A sopa é feita com os excedentes de legumes, verduras e cereais doados por comerciantes do Ceasa e por produtores rurais mineiros. O que antes iria para o lixo, embora adequado para o consumo, é esterilizado e transformado numa mistura pastosa de alto valor nutritivo. “Ela pode ser usada também no preparo de outros alimentos, como carne, frango ou ovos. Serve ainda como ingrediente para dar sabor às massas de pães e pizzas. O resultado é uma refeição saborosa e rica em nutrientes. Esse trabalho tem ajudado a combater três graves problemas brasileiros: a fome, a desnutrição e o desperdício”, afirma Andrea Neves da Cunha, presidente do Servas e irmã do governador mineiro Aécio Neves (PSDB). A Vitasopa é distribuída gratuitamente em latas e rende até 40 refeições.

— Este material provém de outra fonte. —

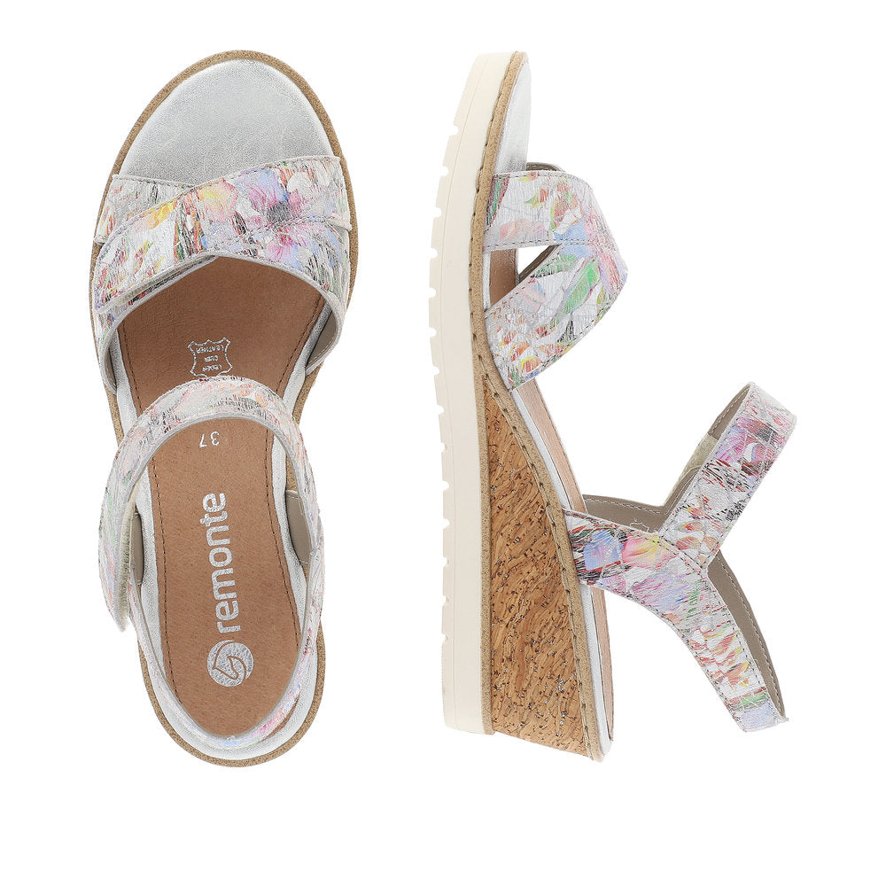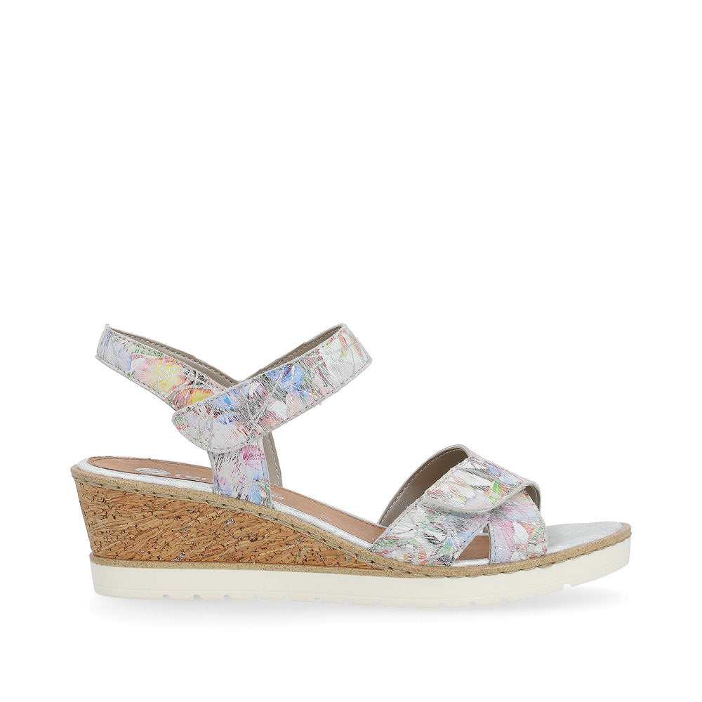 Remonte silvery multi colour flower effect soft leather summer sandals with cushioned foot bed. The instep strap is a simple hook and loop which can be adjusted to suit your ankle. These are more than just a sandal, they look dressy and glamorous and could go from an afternoon walk to an evening out. The leather insole has a colour coordinated toe piece and the front strap is also adjustable.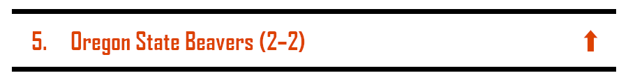 Christopher_h (7): I rated OSU highly in the preseason and felt immediately stupid for doing so after they lost to Washington State, but at least I’m comfortable putting them in the middle of the conference again. Jermar Jefferson gashed the Oregon defense all night long and the OSU offensive line opened plenty of holes for him to run through. I think their ceiling is at quarterback, but QB Tristan Gebbia was injured on the second-to-last play of the game, so it’ll be interesting to see if he recovers in time or see whom else they have at QB. If RB Jermar Jefferson can stay healthy, they can probably score on anyone.
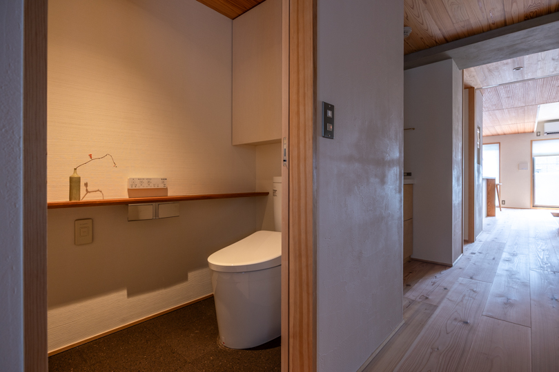 トイレ内の換気扇に木のルーバーを施すなど、細部まで大工の手仕事が光る。
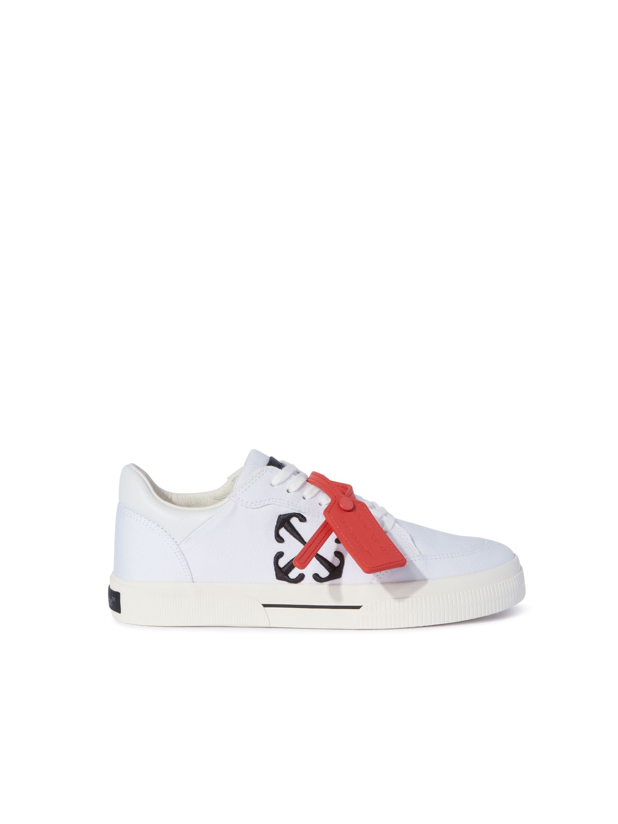 These skate-inspired low-top sneakers are constructed from leather and cotton canvas panels with an embroidered arrow logo and feature a vulcanized rubber sole. Complete with "ZIP TIE" tag and chunky laces branded with signature quote. DETAILS - Materials:OUTER:Canvas 100%, LINING:Calf Leather 100%, SOLE:Rubber 100% - Code: OWIA288C99FAB0010110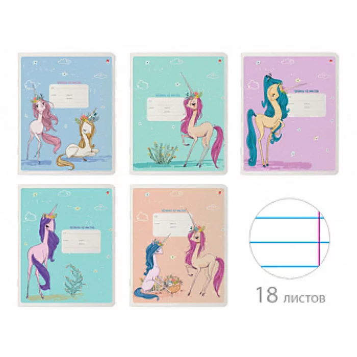 ТЕТРАДЬ 18Л. ЛИН. "МОДНЫЕ ЕДИНОРОГИ" 5 ВИДОВ ТЛ2036

Segundo ela, o programa é mantido graças a parcerias com entidades
empresariais, que financiam parte dos custos, e com o governo do Estado,
que disponibiliza transporte para recolhimento dos alimentos e distribuição
do produto já industrializado nas instituições conveniadas. Também veio do
governo estadual a instalação da fábrica que produz o Vitasopa. O êxito do pro-
grama do Servas – que hoje chega a 217 municípios mineiros – levou a ONG a ampliar as opções de seu cardápio. Além da sopa, serão produzidos conservas (cenoura e batatas) e doces de frutas. O Centro Universitário de Belo Horizonte, outro parceiro do programa, estuda desidratar o suplemento, o que facilitará a distribuição. A previsão é que essa nova produção seja feita já nas três novas fábricas que a instituição quer construir até o final do ano. Elas serão feitas em parceria com as prefeituras dos municípios de Montes Claros, Janaúba e Uberaba e com o governo estadual, que irá financiar os equipamentos. “Com isso, mais pessoas poderão ser beneficiadas”, assegura Andrea.

Setenta e oito crianças da escola infantil Educar, em Contagem (MG), já provam do alimento desde o ano passado, quando a mistura foi adicionada ao cardápio da instituição. Filhos de funcionários do Ceasa, a maioria apresentava problemas de desnutrição. Uma dieta balanceada fortalecida pelo uso da sopa está ajudando a mudar a realidade dessas crianças. “Usamos a Vitasopa como um ingrediente a mais no preparo das refeições. Adicionamos o suplemento até em tortas e pães que preparamos para os lanches”, conta a psicóloga Maria Dalva Garcia Pacheco, coordenadora pedagógica da escola que já começa a observar resultados. “Eles estão ganhando peso e com uma cor de pele mais saudável.”